This is the mail archive of the
mailing list for the GCC project.
Re: GCC missing -flto optimizations? SPEC lbm benchmark
On Fri, Feb 15, 2019 at 4:46 AM Hi-Angel <email@example.com> wrote:
> I never could understand, why field reordering was removed from GCC? I
> mean, I know that it's prohibited in C and C++, but, sure, GCC can
> detect whether it possibly can influence application behavior, and if
> not, just do the reorder.
> The veto is important to C/C++ as programming languages, but not to
> machine code that is being generated from them. As long as app can't
> detect that its fields were reordered through means defined by C/C++,
> field reordering by compiler is fine, isn't it?
In my opinion field reordering is very hard for the compiler to do
correctly and trivial for a human programmer to do correctly. So in
practice the best approach is for the compiler, or some other tool, to
say "you should reorder the fields here." As far as I can see, the
only real reason to implement field reordering in a compiler is for
benchmark cracking, since benchmarks typically don't let you modify
the source code. It's not a useful optimization in practice other
than for benchmarks.
(Array transformations and struct splitting, on the other hand, can be useful.)
> On Fri, 15 Feb 2019 at 12:49, Jun Ma <firstname.lastname@example.org> wrote:
> > Bin.Cheng <email@example.com> 于2019年2月15日周五 下午5:12写道：
> > > On Fri, Feb 15, 2019 at 3:30 AM Steve Ellcey <firstname.lastname@example.org> wrote:
> > > >
> > > > I have a question about SPEC CPU 2017 and what GCC can and cannot do
> > > > with -flto. As part of some SPEC analysis I am doing I found that with
> > > > -Ofast, ICC and GCC were not that far apart (especially spec int rate,
> > > > spec fp rate was a slightly larger difference).
> > > >
> > > > But when I added -ipo to the ICC command and -flto to the GCC command,
> > > > the difference got larger. In particular the 519.lbm_r was more than
> > > > twice as fast with ICC and -ipo, but -flto did not help GCC at all.
> > > >
> > > > There are other tests that also show this type of improvement with -ipo
> > > > like 538.imagick_r, 544.nab_r, 525.x264_r, 531.deepsjeng_r, and
p> > > > 548.exchange2_r, but none are as dramatic as 519.lbm_r. Anyone have
> > > > any idea on what ICC is doing that GCC is missing? Is GCC just not
> > > > agressive enough with its inlining?
> > >
> > > IIRC Jun did some investigation before?
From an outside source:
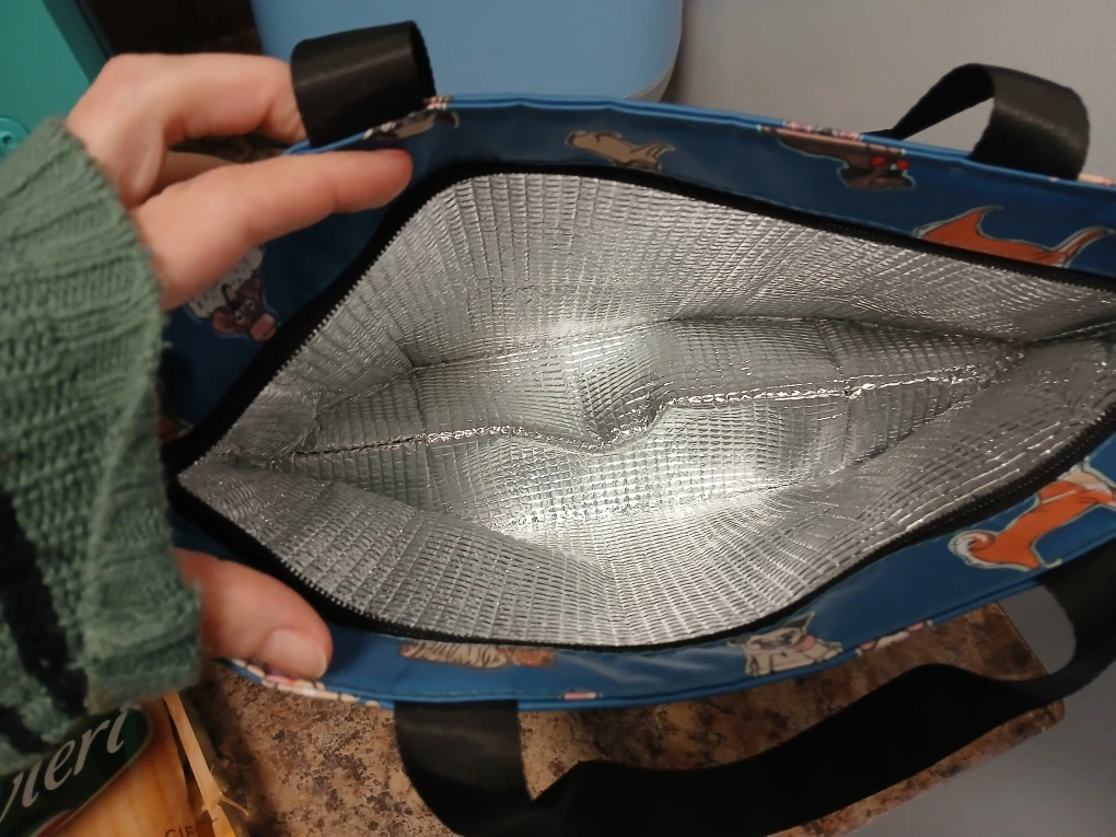 This is a cute insulated lunch tote bag with a dog print. It features a zipper closure and black straps. Perfect for keeping your lunch cool!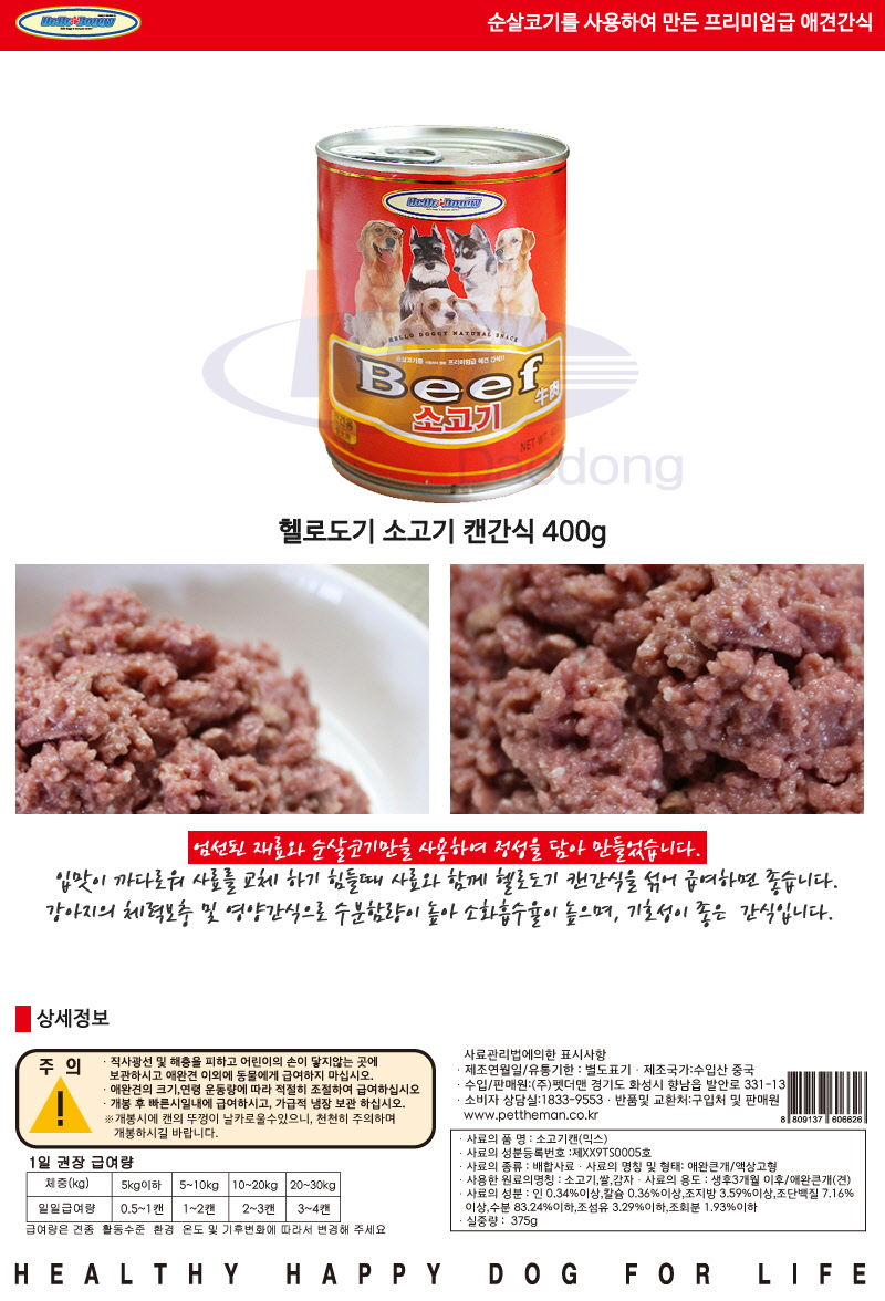 헬로도기 캔 400g(전견용)

CCing.
> > >
> > > Thanks,
> > > bin
> > > >
> > > > Steve Ellcey
> > > > email@example.com
> > ICC is doing much more than GCC in ipo, especially memory layout
> > optimizations. See https://software.intel.com/en-us/node/522667.
> > ICC is more aggressive in array transposition/structure splitting
> > /field reordering. However, these optimizations have been removed
> > from GCC long time ago.
> > As for case lbm_r, IIRC a loop with memory access which stride is 20 is
> > most time-consuming. ICC will optimize the array(maybe structure?)
> > and vectorize the loop under ipo.
> > Thanks
> > Jun